The single loss expectancy (SLE) is the product of the value ($16,000) and the exposure factor (.35), or $5,600

Question 21

During a meeting, you present management with a list of access controls used on your network. Which of the following controls is an example of a corrective control?

IDS

Audit logs

Antivirus software

Answer 21

Antivirus software

Antivirus is an example of a corrective control. A corrective control is designed to correct a situation

Question 22

You are the new security administrator and have discovered your company lacks deterrent controls. Which of the following would you install that satisfies your needs? (Choose two.)

Lighting

Motion sensor

No trespassing signs

Antivirus scanner

Answer 22

Lighting

No trespassing signs

A deterrent control is used to warn a potential attacker not to attack. Lighting added to the perimeter and warning signs such as a “no trespassing” sign are deterrent controls

Question 23

Your company’s security policy includes system testing and security awareness training guidelines. Which of the following control types is this?

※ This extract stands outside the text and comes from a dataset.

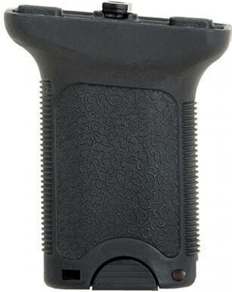 Krátká vertikální rukojeť s lehkým zkosením. Vyrobena z vysoce odolného polymeru s gumovou patkou. Díky zdrsněné textuře, ručka neklouže a pomáhá k snadnější ovladatelnosti zbraně.

Preventive technical control

Detective administrative control

Preventive administrative control

Answer 23

Preventive administrative control

Testing and training are preventative administrative controls. Administrative controls dictate how security policies should be executed to accomplish the company’s security goals

Question 24

Which step of the incident response process occurs after containment?

Recovery

Identification

Eradication

Answer 24

Eradication

Eradication is the next step after containment

Question 25

You are a security administrator for your company and you identify a security risk. You decide to continue with the current security plan. However, you develop a contingency plan in case the security risk occurs. Which of the following type of risk response technique are you demonstrating?

Accept

Transfer

Avoid

Answer 25

Accept

Risk acceptance is a strategy of recognizing, identifying, and accepting a risk that is sufficiently unlikely or has limited impact that a corrective control is not warranted

Question 26

Which of the following best visually shows the state of a computer at the time it was collected by law enforcement?

Screenshots

Identification

Tabletop exercise

Answer 26

Screenshots

Taking screenshots gives an investigator a useful way to collect information on a computer screen. Screenshots can be acquired in many ways and allow the investigator to reproduce what happened on the screen

Question 27

You are asked to protect the company’s data should a complete disaster occur. Which action would be the best option for this request?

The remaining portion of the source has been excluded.